Start of LISTED ENTRIES

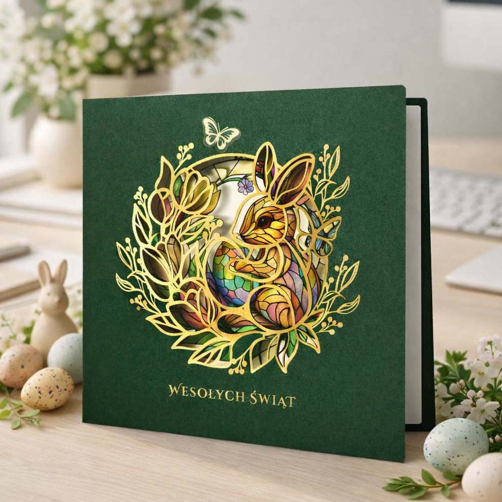 Elegancka kartka wielkanocna o wyraźnie biznesowym charakterze, zaprojektowana z myślą o profesjonalnej i reprezentacyjnej komunikacji świątecznej. Klasyczna forma została połączona z nowoczesnymi technikami uszlachetniania, tworząc spójną i estetyczną całość.
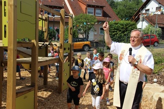 Die bereits seit einigen Jahren geplante Umgestaltung konnte im November 2021 endlich begonnen und im Frühjahr 2022 abgeschlossen werden. Herr Pfarrer Rudolf Liebig, der in Vertretung des erkrankten Pfarrers Thomas Witzel die Segnung der Spielanlage vornahm, zeigte sich ebenso begeistert von dem umgestalteten Gelände wie die Vertreterinnen des Elternbeirats Nadja Moalem und Leonie Schwab und der stellvertretende Vorsitzende des Verwaltungsrats Othmar Bleuel.
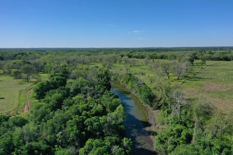 It is clear why this ranch is called the Treetop River Ranch. Absolutely enormous trees can be found from the highest points on the property by the houses, all the way down to the river banks. There are huge pecan trees all along the river bottom, with countless trails to enjoy the beauty. Property also has 80 acres of fields for cultivation, or to leave in native grasses for grazing cattle. The ranch offers a great mix of other hardwoods throughout. Property has a gentle slope descending from the home all the way down to the river.
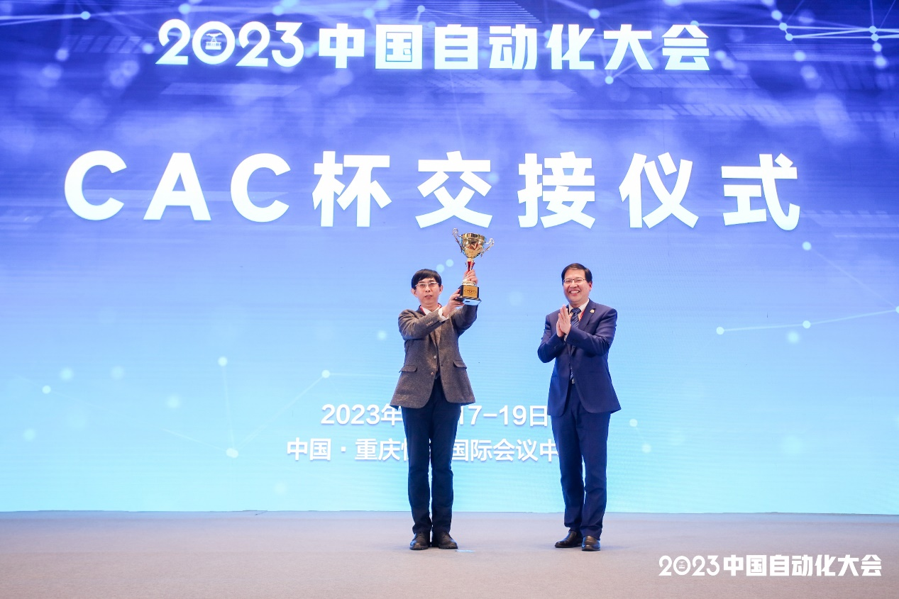 大会期间,举行了“CAC杯”交接仪式。李少远代表学校和2024中国自动化大会组委会从2023中国自动化大会组委会代表手中接过了“CAC杯”,至此,2024中国自动化大会进入“青科大时间”。
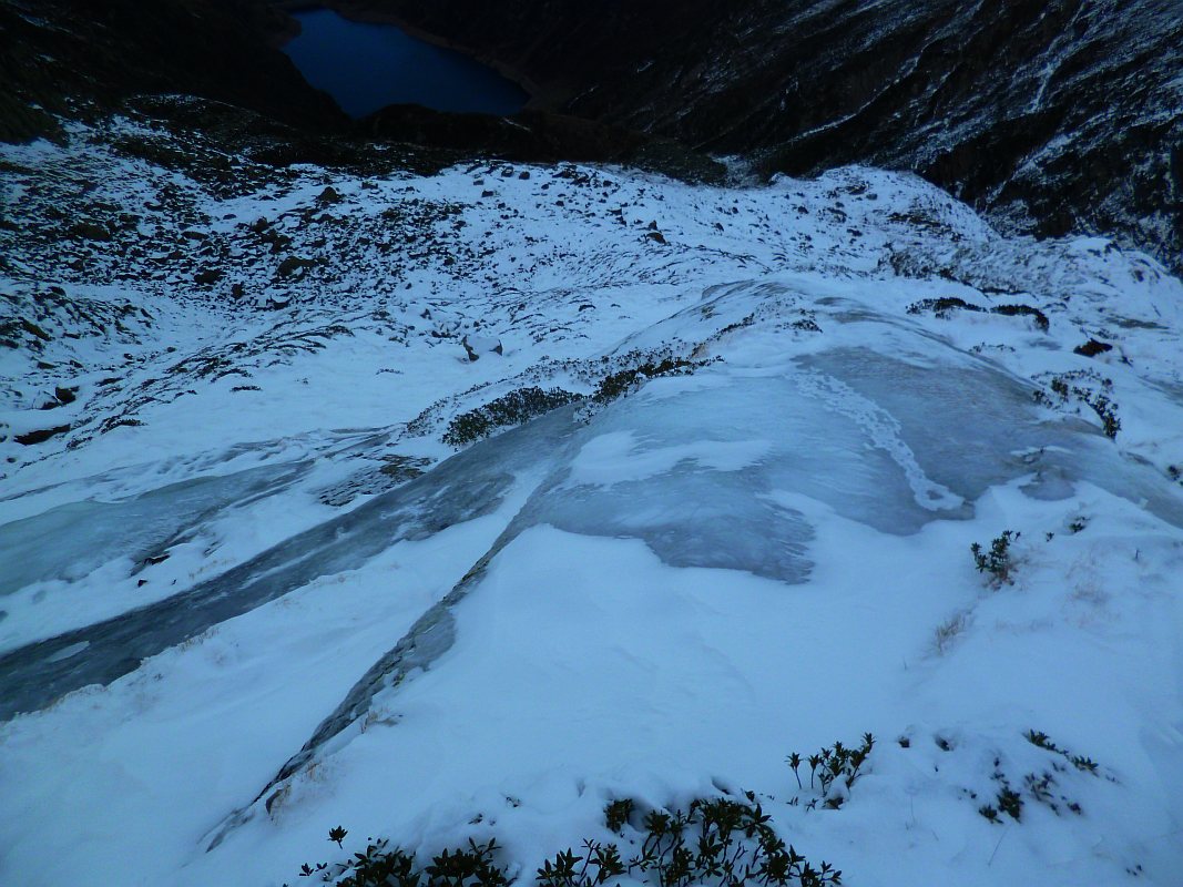 Très belle vue du sommet, montée longue, raide, pas mal de neige, et de la glace +1700m. Il aurait fallu des crampons que je n'avais pas: j'ai trouvé une astuce pour contourner sans danger le passage du GR dans une barre rocheuse avec des cascades de glaces
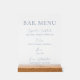 Élevez votre bar de réception avec ce signe de menu de bar en acrylique clair bleu poussiéreux élégant. Conçu avec une typographie moderne raffinée et des accents de script doux, ce panneau en acrylique minimaliste crée une déclaration sophistiquée pour les mariages côtiers, de jardin et de destination.
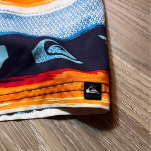 Stylish Quiksilver board shorts with vibrant stripes. Features blue, orange, and black hues.
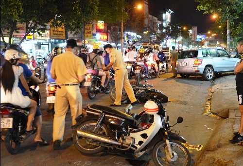 Sau tai nạn, lực lượng CSGT Q.Gò Vấp nhanh chóng có mặt xử lý hiện trường làm rõ nguyên nhân.
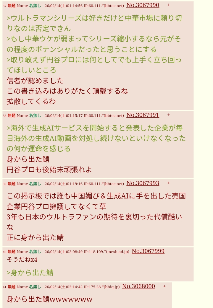 | … | 5726/03/21(土)19:11:45No.1412885964そうだねx11>ウルトラマン粘着してる時と手口が一緒 |
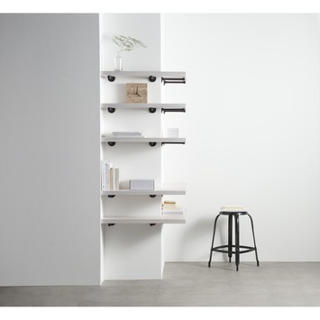 Deze Duraline industriële plankdrager pipe messing heeft een stoere robuuste uitstraling en is goed om te combineren met een grove stoere plank. Deze plankdragers worden als set van 2 stuks verkocht.
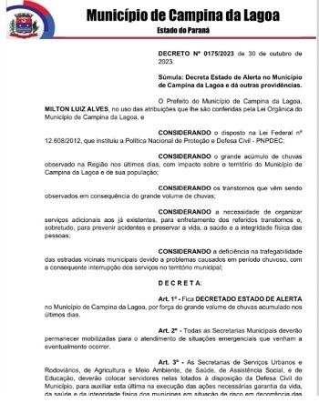 O prefeito de Campina da Lagoa, Milton Luiz Alves, decretou "estado de alerta" no município.
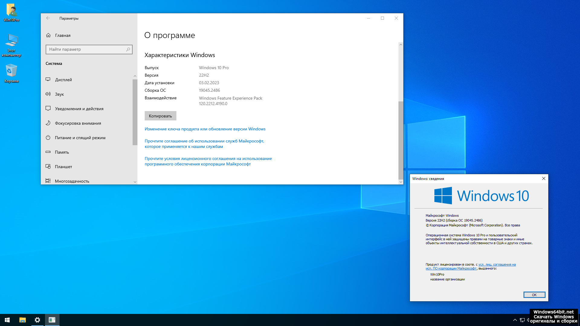 - Версия ОС: Windows 10 Pro (19045.2486) 22H2
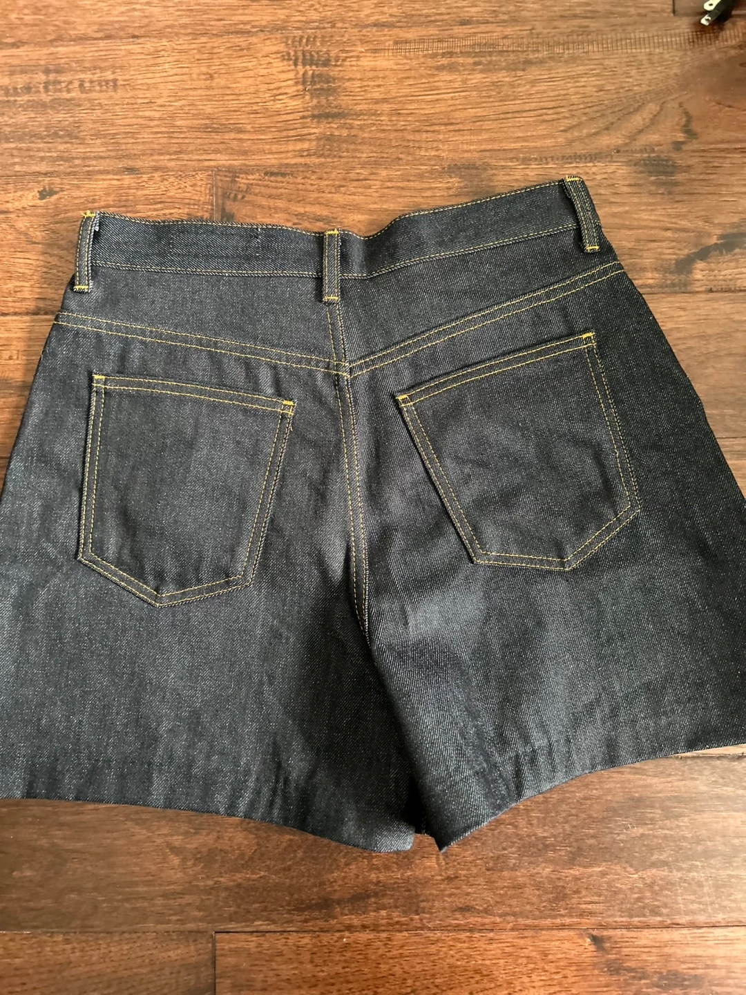 Women’s high-waisted denim shorts. Dark wash. Size 4. New with tags. Originally priced at $55.90 before tax.
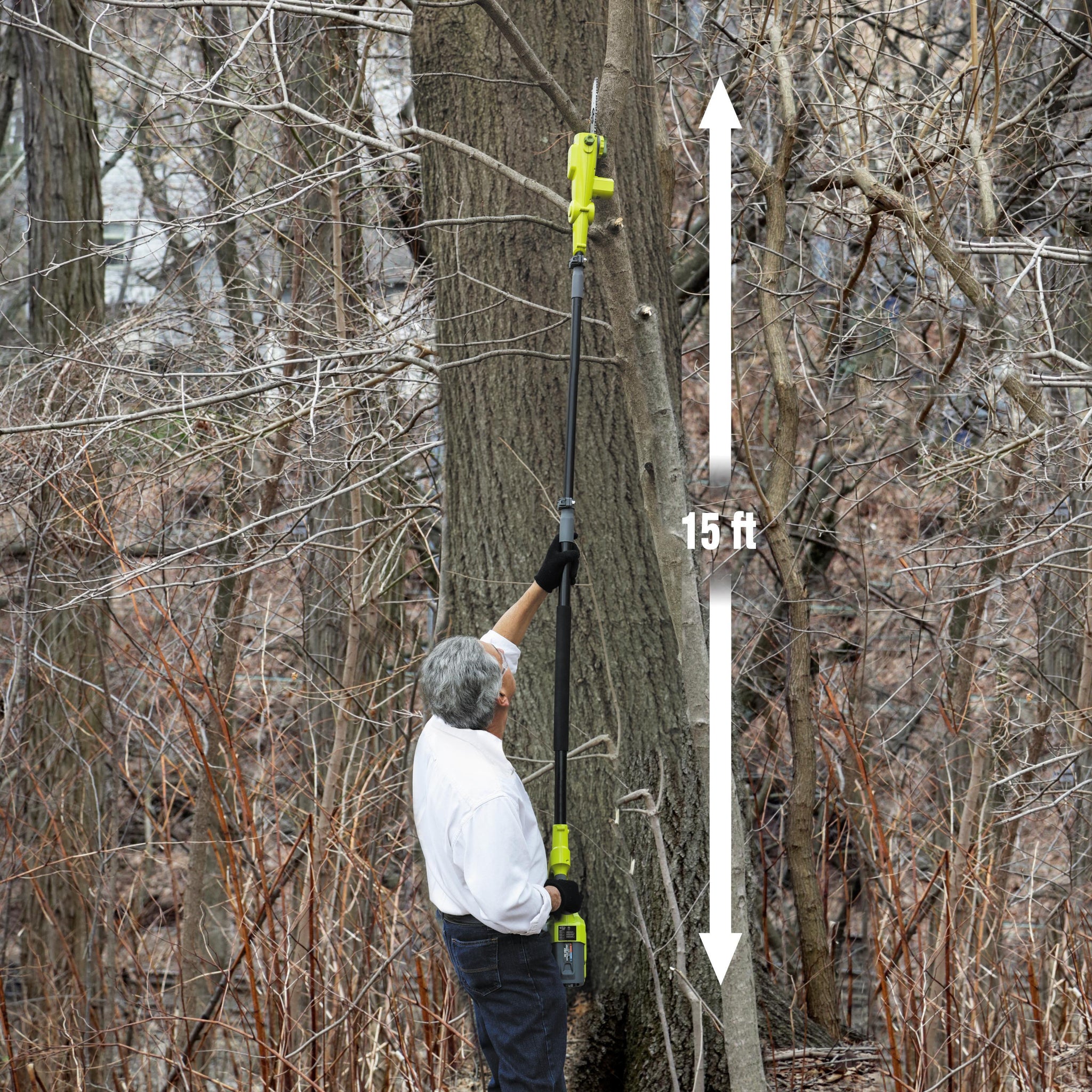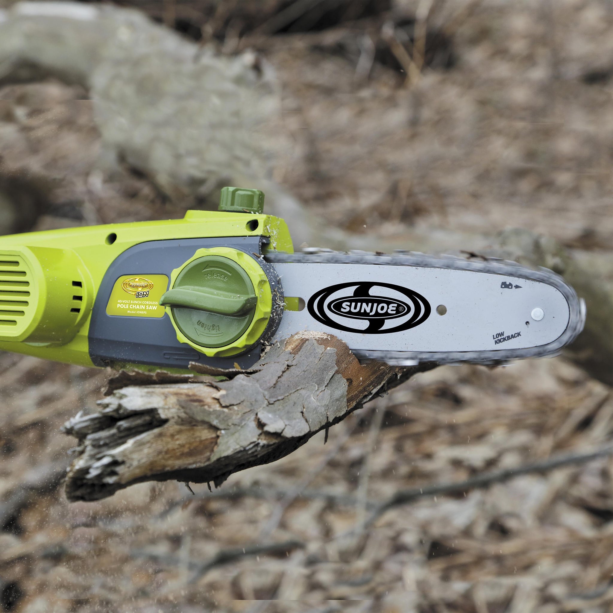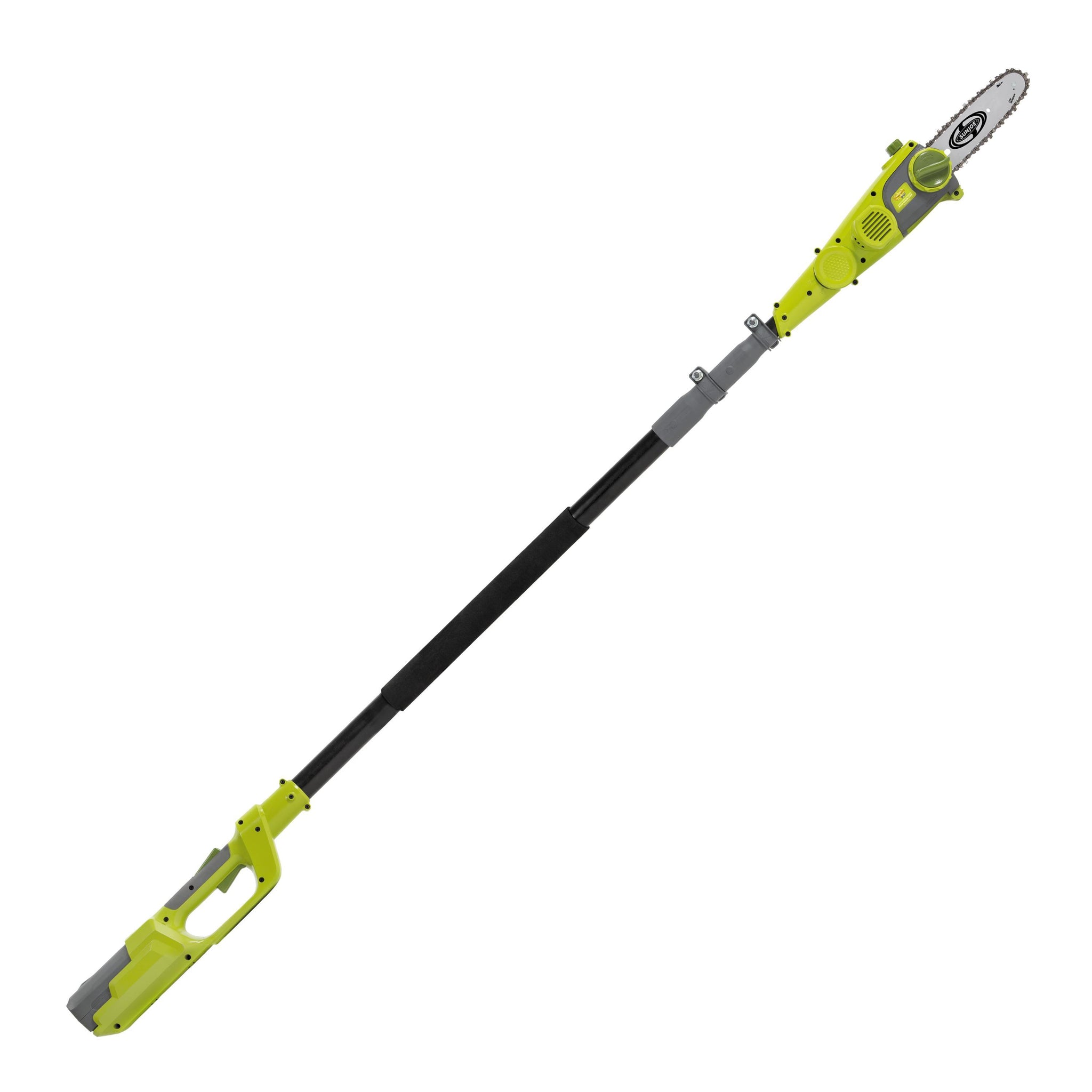 LET GRAVITY DO THE WORK™ The Sun Joe® iON8PS cordless pole chain saw makes it quick and easy to trim your overgrown trees. Powered by the same interchangeable 40 V EcoSharp® battery utilized by the other tools in the iON series, the iON8PS provides the cutting performance of a comparable gas- or electric-powered unit with the convenience and freedom of a lightweight (only 10.8 lbs!) cordless device. Operation is simple: SLIDE the telescoping pole (adjustable from 6.2 ft to 9.8 ft) to your desired length, ADJUST its 30º rotatable head to the optimal cutting position, PUSH a button to power on, and WATCH its 8-inch self-lubricating Oregon cutting bar and chain make quick work out of overhanging tree limbs up to 7.1-inches thick, all while you stand safely on solid ground!
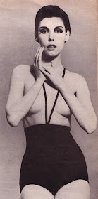 Gernreich and Moffitt became a scandalous duo when Gernreich designed the infamous 'topless bikini' dubbed the 'monokini' and Moffitt was photographed in it shortly thereafter! This bold fashion statement on Moffit's part pushed her to model star status being that she was pretty ballsy and one of few that would go that far at that time.
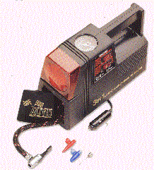 On the left is our Compact Air Compressor that is 7" X 5 1/2" X 3" and provides you with an imprint area of 4" X 1 3/8". It features a 250 psi air gauge, easy to read pressure gauge, 10" power cord w/on/off switch & cigarette lighter adapter and 3 inflation adapters. The minimum imprintable quantity is only 10.
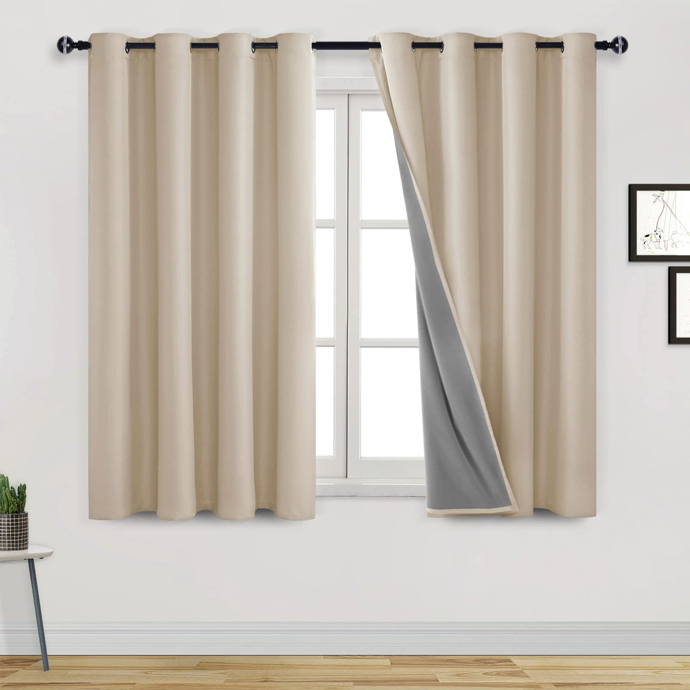 Dwcn 100% Blackout Curtain Short Kitchen Curtains & Drapes 2 Panels Noise Reducing Sun Light Blocking Thermal Insulated Sound Pr
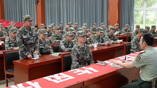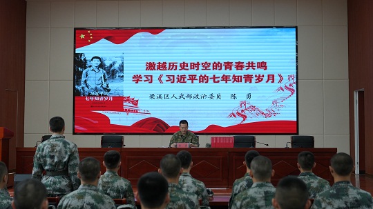 圖為梁溪區(qū)人武部政委陳勇進行役前教育授課。
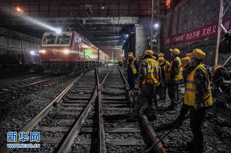 1月15日凌晨,中鐵十一局施工人員在西安站改現(xiàn)場等待列車通過,準(zhǔn)備進(jìn)行施工。新華社記者陶明攝
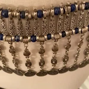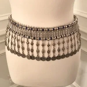 Festival Lapis and Pewter Coin Belt
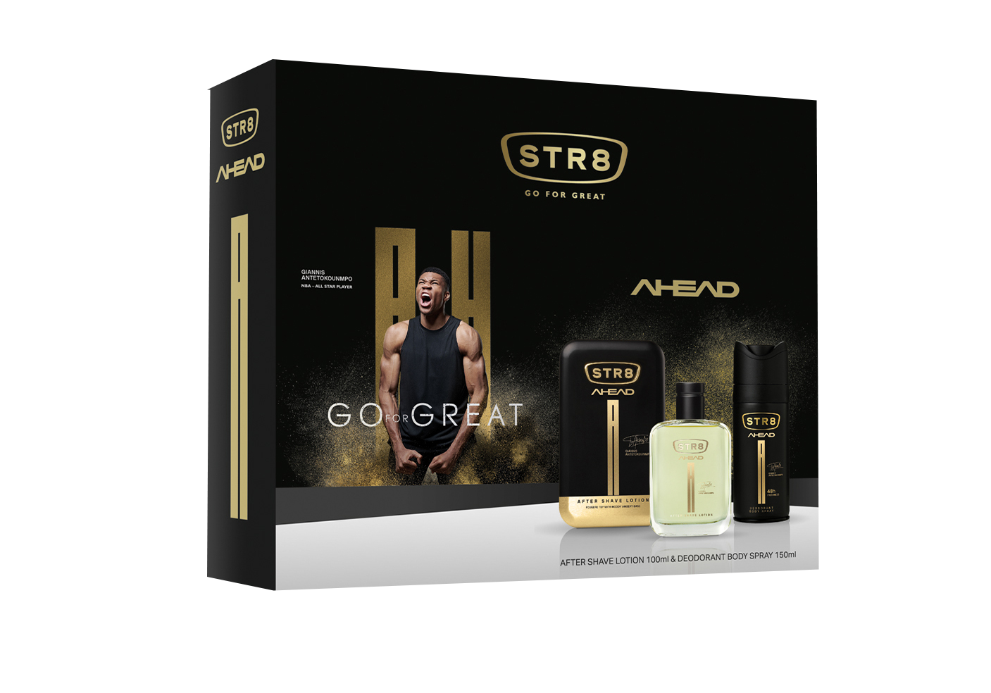 Τα φετινά STR8 giftsets έρχονται σε ένα κομψό, μεταλλικό μαύρο κουτί με το μοναδικό χειρόγραφο μήνυμα από τον ίδιο τον Γιάννη Αντετοκούνμπο “Never Give Up, Go For Great”. Μέσα θα βρεις ένα από τα μοναδικά αρώματα STR8 – Rise, Ahead,Original, Red Code & Hero,– σε ολοκληρωμένους συνδυασμούς που καλύπτουν τις ανάγκες σου όλες τις ώρες της ημέρας: Eau de toilette με deodorant body spray ή και shower gel. Σίγουρα θα βρεις αυτό που σου ταιριάζει – σίγουρα θα βρεις αυτό που ταιριάζει και στους κολλητούς σου.
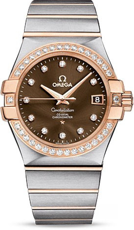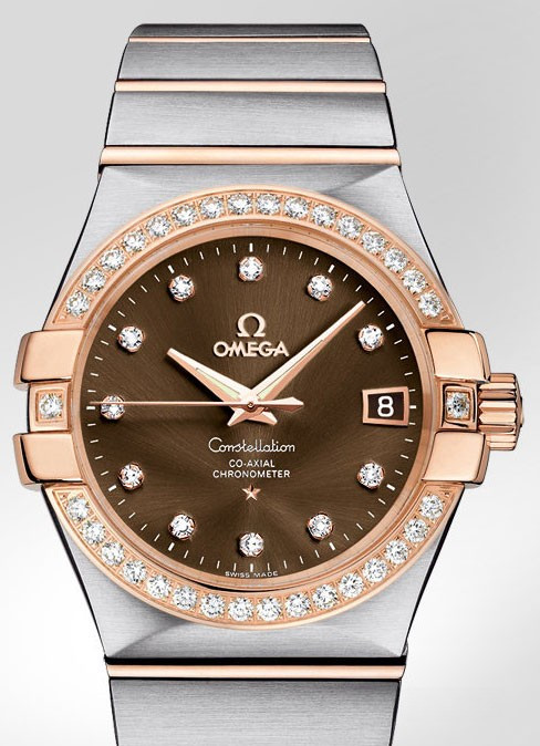 Необычайно эффектный дизайн часов OMEGA Constellation прошел проверку временем. Его характерной особенностью стали знаменитые скобки по бокам часового корпуса и впечатляющие циферблаты. Эта модель имеет украшенный бриллиантовыми часовыми метками коричневый циферблат с окошком указателя даты в положении «3 часа» и устойчивым к царапинам сапфировым стеклом. Украшенный бриллиантами безель из 18-каратного розового золота закреплен на корпусе диаметром 35 мм из нержавеющей стали, который дополнен браслетом из нержавеющей стали и 18-каратного розового золота. В этой модели используется коаксиальный часовой механизм, калибр 2500, который виден сквозь сапфировое стекло задней крышки корпуса.

End of LISTED ENTRIES

◆ **TASK STATEMENT**:
Copy needed, without pictures: the lines of the listing above from the line containing "Die bereits seit" up to and including the line containing "Sau tai nạn, lực", set down exactly.

◆ **RESPONSE BELOW**:
 Die bereits seit einigen Jahren geplante Umgestaltung konnte im November 2021 endlich begonnen und im Frühjahr 2022 abgeschlossen werden. Herr Pfarrer Rudolf Liebig, der in Vertretung des erkrankten Pfarrers Thomas Witzel die Segnung der Spielanlage vornahm, zeigte sich ebenso begeistert von dem umgestalteten Gelände wie die Vertreterinnen des Elternbeirats Nadja Moalem und Leonie Schwab und der stellvertretende Vorsitzende des Verwaltungsrats Othmar Bleuel.
 It is clear why this ranch is called the Treetop River Ranch. Absolutely enormous trees can be found from the highest points on the property by the houses, all the way down to the river banks. There are huge pecan trees all along the river bottom, with countless trails to enjoy the beauty. Property also has 80 acres of fields for cultivation, or to leave in native grasses for grazing cattle. The ranch offers a great mix of other hardwoods throughout. Property has a gentle slope descending from the home all the way down to the river.
 大会期间,举行了“CAC杯”交接仪式。李少远代表学校和2024中国自动化大会组委会从2023中国自动化大会组委会代表手中接过了“CAC杯”,至此,2024中国自动化大会进入“青科大时间”。
 Très belle vue du sommet, montée longue, raide, pas mal de neige, et de la glace +1700m. Il aurait fallu des crampons que je n'avais pas: j'ai trouvé une astuce pour contourner sans danger le passage du GR dans une barre rocheuse avec des cascades de glaces
 Élevez votre bar de réception avec ce signe de menu de bar en acrylique clair bleu poussiéreux élégant. Conçu avec une typographie moderne raffinée et des accents de script doux, ce panneau en acrylique minimaliste crée une déclaration sophistiquée pour les mariages côtiers, de jardin et de destination.
 Stylish Quiksilver board shorts with vibrant stripes. Features blue, orange, and black hues.
 Sau tai nạn, lực lượng CSGT Q.Gò Vấp nhanh chóng có mặt xử lý hiện trường làm rõ nguyên nhân.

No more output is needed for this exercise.